(Dataset content Opens)
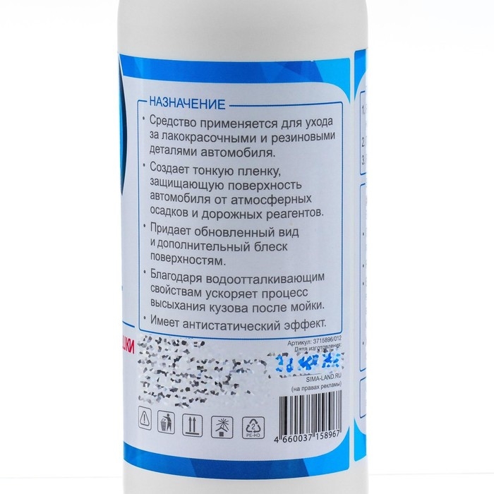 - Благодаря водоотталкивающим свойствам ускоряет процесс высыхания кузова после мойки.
(Dataset content Closes)
(Dataset content Opens)
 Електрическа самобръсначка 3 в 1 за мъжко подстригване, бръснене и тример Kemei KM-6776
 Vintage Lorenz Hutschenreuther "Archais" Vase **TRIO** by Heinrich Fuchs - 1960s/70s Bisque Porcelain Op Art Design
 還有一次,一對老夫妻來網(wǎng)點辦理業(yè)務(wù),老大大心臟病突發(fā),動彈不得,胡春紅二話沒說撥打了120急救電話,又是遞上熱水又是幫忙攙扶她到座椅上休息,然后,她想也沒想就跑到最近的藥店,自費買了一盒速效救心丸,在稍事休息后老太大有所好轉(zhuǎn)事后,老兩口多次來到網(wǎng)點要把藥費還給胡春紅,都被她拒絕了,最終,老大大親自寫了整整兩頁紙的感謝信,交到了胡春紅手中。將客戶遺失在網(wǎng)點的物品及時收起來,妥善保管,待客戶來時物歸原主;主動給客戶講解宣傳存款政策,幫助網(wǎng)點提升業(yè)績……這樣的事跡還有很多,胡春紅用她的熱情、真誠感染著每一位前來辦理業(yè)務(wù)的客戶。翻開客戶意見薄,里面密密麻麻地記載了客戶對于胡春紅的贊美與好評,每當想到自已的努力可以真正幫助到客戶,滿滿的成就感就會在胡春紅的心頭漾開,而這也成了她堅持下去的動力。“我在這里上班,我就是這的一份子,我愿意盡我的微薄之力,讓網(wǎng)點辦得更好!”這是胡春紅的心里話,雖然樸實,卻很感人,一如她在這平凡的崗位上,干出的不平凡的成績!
(Dataset content Closes)
(Dataset content Opens)
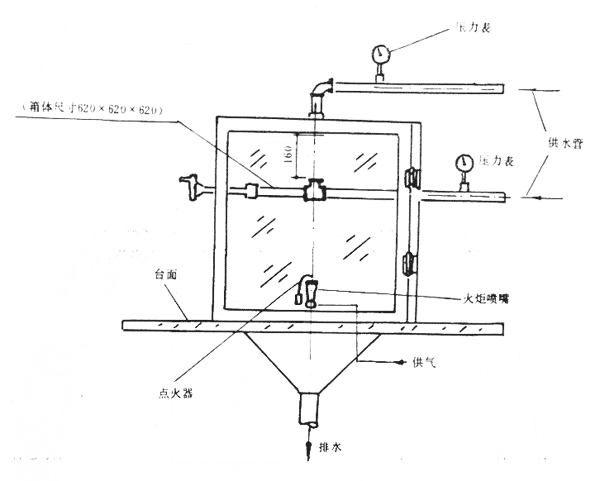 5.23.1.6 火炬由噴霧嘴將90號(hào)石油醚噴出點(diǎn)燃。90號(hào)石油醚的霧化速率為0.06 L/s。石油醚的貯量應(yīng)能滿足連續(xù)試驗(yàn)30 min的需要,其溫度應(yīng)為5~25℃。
(Dataset content Closes)
## Task goal
Give back, exactly as written, the stretch from the line with "Електрическа самобръсначка 3" through the line with "還有一次,一對老夫妻來網(w", and no other lines from the records above.

## Worked solution
 Електрическа самобръсначка 3 в 1 за мъжко подстригване, бръснене и тример Kemei KM-6776
 Vintage Lorenz Hutschenreuther "Archais" Vase **TRIO** by Heinrich Fuchs - 1960s/70s Bisque Porcelain Op Art Design
 還有一次,一對老夫妻來網(wǎng)點辦理業(yè)務(wù),老大大心臟病突發(fā),動彈不得,胡春紅二話沒說撥打了120急救電話,又是遞上熱水又是幫忙攙扶她到座椅上休息,然后,她想也沒想就跑到最近的藥店,自費買了一盒速效救心丸,在稍事休息后老太大有所好轉(zhuǎn)事后,老兩口多次來到網(wǎng)點要把藥費還給胡春紅,都被她拒絕了,最終,老大大親自寫了整整兩頁紙的感謝信,交到了胡春紅手中。將客戶遺失在網(wǎng)點的物品及時收起來,妥善保管,待客戶來時物歸原主;主動給客戶講解宣傳存款政策,幫助網(wǎng)點提升業(yè)績……這樣的事跡還有很多,胡春紅用她的熱情、真誠感染著每一位前來辦理業(yè)務(wù)的客戶。翻開客戶意見薄,里面密密麻麻地記載了客戶對于胡春紅的贊美與好評,每當想到自已的努力可以真正幫助到客戶,滿滿的成就感就會在胡春紅的心頭漾開,而這也成了她堅持下去的動力。“我在這里上班,我就是這的一份子,我愿意盡我的微薄之力,讓網(wǎng)點辦得更好!”這是胡春紅的心里話,雖然樸實,卻很感人,一如她在這平凡的崗位上,干出的不平凡的成績!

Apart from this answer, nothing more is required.